The President nodded. He obviously had something uncomfortable on his mind. He said uneasily, "Do you think there's any possibility of it being true?"

"What?" asked the secretary guardedly.

"That peculiar hint about Maizie."

The secretary said nothing.

"Mind you, I don't think there is," the President went on hurriedly, his face assuming a sorrowful scowl. "I owe a lot to the Thinkers, both as a private person and as a public figure. Lord, a man has to lean on something these days. But just supposing it were true—" he hesitated, as before uttering blasphemy—"that there was a man inside Maizie, what could we do?"

The secretary said stolidly, "The Thinkers won our last election. They chased the Commies out of Iran. We brought them into the Inner Cabinet. We've showered them with public funds." He paused. "We couldn't do a damn thing."

The President nodded with equal conviction, and, not very happily, summed up: "So if anyone should go up against the Thinkers—and I'm afraid I wouldn't want to see that happen, whatever's true—it would have to be a scientist."

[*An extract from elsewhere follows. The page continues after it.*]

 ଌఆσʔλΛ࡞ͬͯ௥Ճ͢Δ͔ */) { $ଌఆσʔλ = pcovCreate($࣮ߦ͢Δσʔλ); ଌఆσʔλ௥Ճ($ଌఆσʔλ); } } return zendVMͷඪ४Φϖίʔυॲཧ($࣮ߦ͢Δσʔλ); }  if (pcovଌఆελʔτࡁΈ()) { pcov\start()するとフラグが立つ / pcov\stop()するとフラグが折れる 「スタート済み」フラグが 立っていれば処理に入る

Willard Farquar felt his weight change the steps under his feet into an escalator. He cursed under his breath, but let them carry him, a defiant hulk, up to the tall and mystic blue portals, which silently parted when he was five meters away. The escalator changed to a slideway and carried him into a softly gleaming, high-domed room rather like the antechamber of a temple.

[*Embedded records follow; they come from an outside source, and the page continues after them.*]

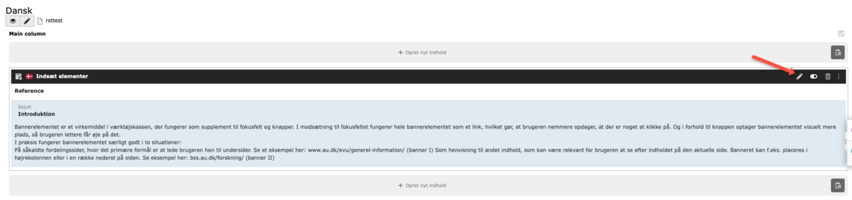 1) Click on the page where the content element to be inherited is located. Find the correct content element and click the pencil icon to edit it.
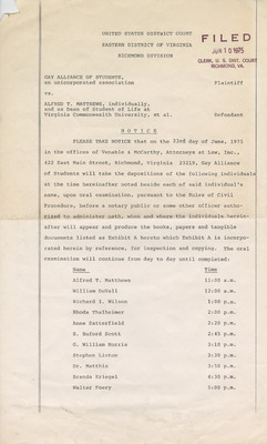 Notice, United States District Court for the Eastern District of Virginia, Gay Alliance of Students, 1975 June 10
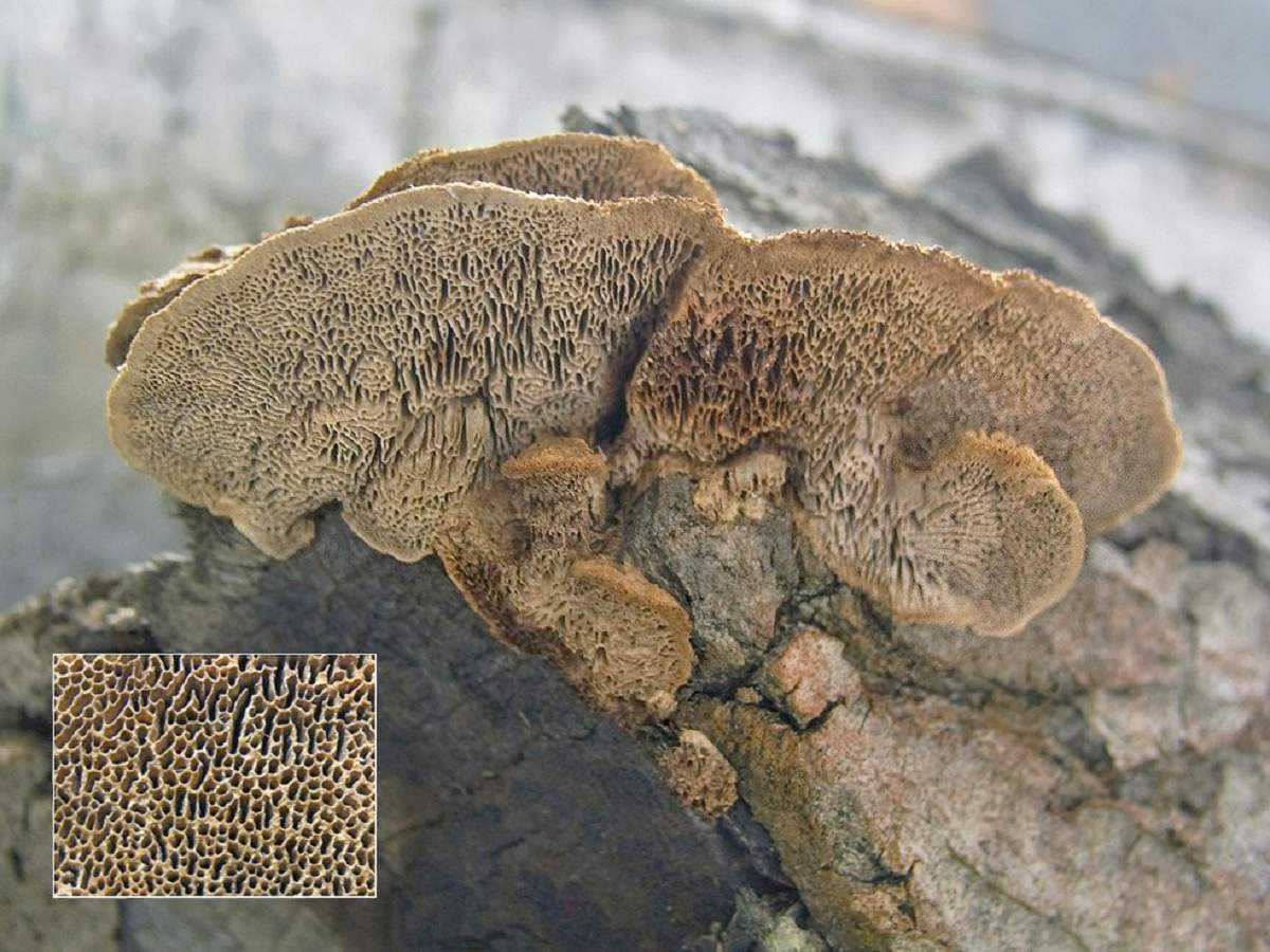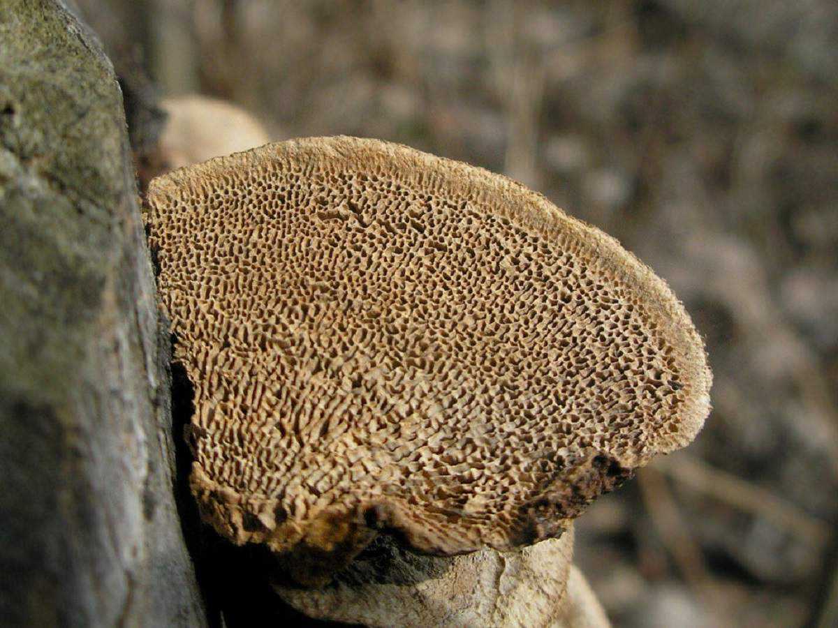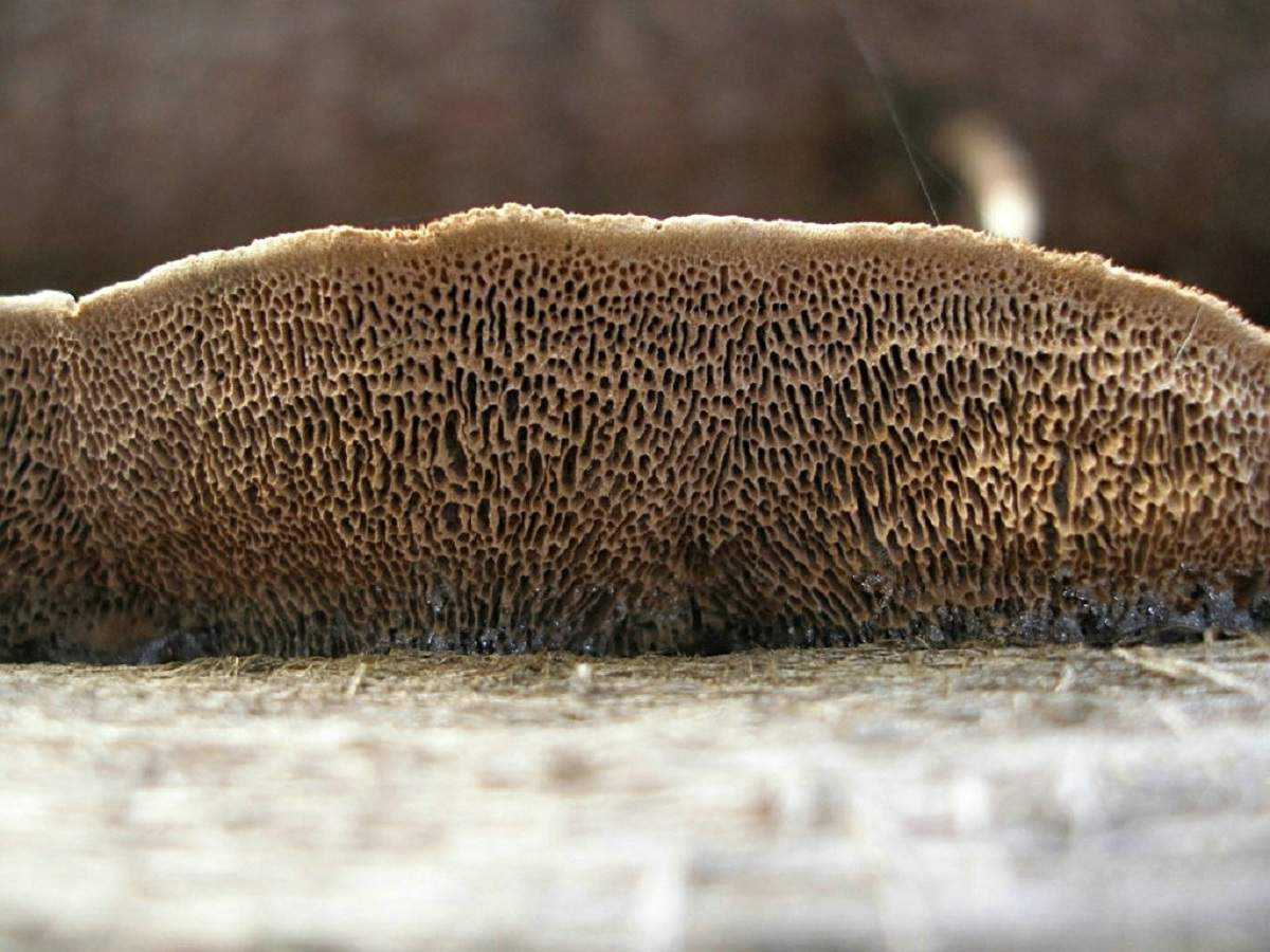 Споровый порошок коричневого цвета находится на многочисленных иголочках на нижней части гриба.
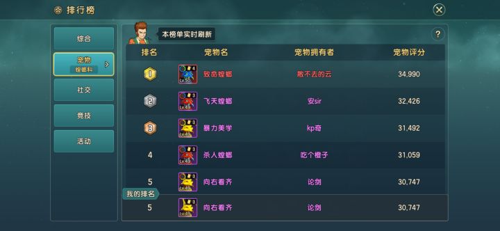 对于宠物来说呢,很多紫色宠物到了50级就可以变成红色,从而带来的属性大幅的提升。可以从排行榜上清晰的看到。

"Martian peace to you, Willard Farquar," an invisible voice intoned. "You have entered the Thinkers' Foundation. Please remain on the slideway."

"I want to see Jorj Helmuth," Willard growled loudly.

The slideway carried him into the mouth of a corridor and paused. A dark opening dilated on the wall. "May we take your hat and coat?" a voice asked politely. After a moment the request was repeated, with the addition of, "Just pass them through."

Willard scowled, then fought his way out of his shapeless coat and passed it and his hat through in a lump. Instantly the opening contracted, imprisoning his wrists, and he felt his hands being washed on the other side of the wall.

He gave a great jerk which failed to free his hands from the snugly padded gyves. "Do not be alarmed," the voice advised him. "It is only an esthetic measure. As your hands are laved, invisible radiations are slaughtering all the germs in your body, while more delicate emanations are producing a benign rearrangement of your emotions."

The rather amateurish curses Willard was gritting between his teeth became more sulfurous. His sensations told him that a towel of some sort was being applied to his hands. He wondered if he would be subjected to a face-washing and even greater indignities. Then, just before his wrists were released, he felt—for a moment only, but unmistakably—the soft touch of a girl's hand.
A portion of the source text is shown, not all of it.